Effect of Resiquimod 0.01% Gel on Lesion Healing and Viral Shedding When Applied to Genital Herpes Lesions{triangledown}

Kenneth H. Fife,1* Tze-Chiang Meng,2 Daron G. Ferris,3 and Ping Liu2,{dagger}

Division of Infectious Diseases, Department of Medicine, Indiana University School of Medicine, 435 EH, 545 Barnhill Drive, Indianapolis, Indiana 46202,1 Department of Medical and Scientific Affairs, 3M Pharmaceuticals, 3M Center-275-2W-14, St. Paul, Minnesota 55144,2 Department of Obstetrics and Gynecology, Medical College of Georgia, HH 105, 1120 15th Street, Augusta, Georgia 309123

Received 5 September 2007/ Returned for modification 26 October 2007/ Accepted 12 November 2007

Resiquimod, a Toll-like receptor 7/8 agonist developed as a topical treatment to decrease recurrences of anogenital herpes, induces proinflammatory cytokines that may delay lesion healing. Adults with frequently recurring anogenital herpes were randomized within 24 h of onset of a recurrence to vehicle or resiquimod 0.01% gel two times per week for 3 weeks. Subjects underwent daily lesion assessments and sampling for herpes simplex virus DNA PCR for 21 days or until investigator-determined healing of lesion(s). Eighty-two subjects with a mean age of 39 ± 10.5 years and a median of seven recurrences per year were enrolled in the study. The qualifying recurrence was positive by PCR for herpes simplex virus in 68% of subjects. No difference was observed between the vehicle (39 subjects) and resiquimod (43 subjects) groups with respect to time to healing (median of 7.0 days versus median of 6.5 days, respectively; Cox proportional hazard model ratio of 1.229; 95% confidence interval, 0.778 to 1.942; P = 0.376). The distributions of maximum severity scores for any investigator-assessed local skin signs and for subject-assessed local symptoms were similar between treatment groups (P = 0.807 and P = 0.103, respectively). For subjects with at least one positive PCR result, no difference was observed for time to cessation of viral shedding (median of 7 days versus median of 5 days for vehicle and resiquimod groups, respectively; Cox proportional hazard model ratio of 1.471; 95% confidence interval, 0.786 to 2.754; P = 0.227).
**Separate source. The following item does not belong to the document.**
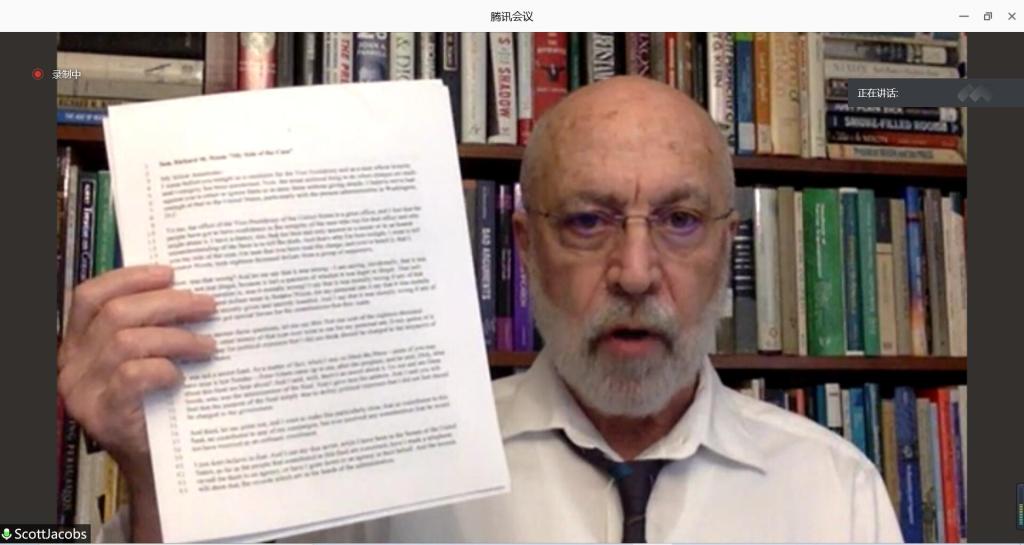 在第一讲中,Scott Jacobs教授向大家系统介绍了论证规范语用学的特点和研究方法。在第二讲到第六讲中,Scott Jacobs教授利用规范语用学理论对1952年尼克松的“Checkers speech”进行了全面系统的分析。在第二讲中,Scott Jacobs教授解释了选取这一演讲进行分析的原因,并介绍了Herbert Simons (1970)提出来的RPS方法。第三讲中,Scott Jacobs教授利用RPS方法详细分析了尼克松1952年的 “Checkers speech”要达到的目标、要求和面临的困境。教授在第四讲中谈及了尼克松演讲中所使用的策略设计和论证结构,特别介绍了贯穿其中的情感逻辑。第五讲中,教授讲述了尼克松在演讲中扮演了一个 “普通人”的角色,并由此成功说服美国大众相信其人品:诚实可信、品德高尚、充满善意。教授在第六讲中介绍了他本人提出的两条修辞宽容准则,并对传统论证研究中对尼克松演讲的批判意见进行了反驳。
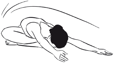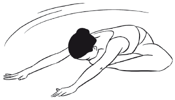 Продолжая движение по кругу и не поднимая туловище вверх, снова плавно переведите руки и корпус еще на 45° – наклон вперед-вправо, также потянитесь за руками. Почувствуйте растяжение мышц спины и ягодиц. Задержитесь в этом положении на 10–12 счетов. Расслабьтесь.

Application of resiquimod 0.01% two times per week for 3 weeks did not delay the healing of genital herpes lesions or reduce acute viral shedding.


* Corresponding author. Mailing address: Indiana University School of Medicine, Emerson Hall 435, 545 Barnhill Drive, Indianapolis, IN 46202. Phone: (317) 274-8114. Fax: (317) 274-1587. E-mail: kfife{at}iupui.edu

{triangledown} Published ahead of print on 26 November 2007.

{dagger} Present address: Department of Biostatistics, M. D. Anderson Cancer Center, 1515 Holcombe Blvd., Unit 447, University of Texas, Houston, TX 77030.


Antimicrobial Agents and Chemotherapy, February 2008, p. 477-482, Vol. 52, No. 2
0066-4804/08/$08.00+0     doi:10.1128/AAC.01173-07
Copyright © 2008, American Society for Microbiology. All Rights Reserved.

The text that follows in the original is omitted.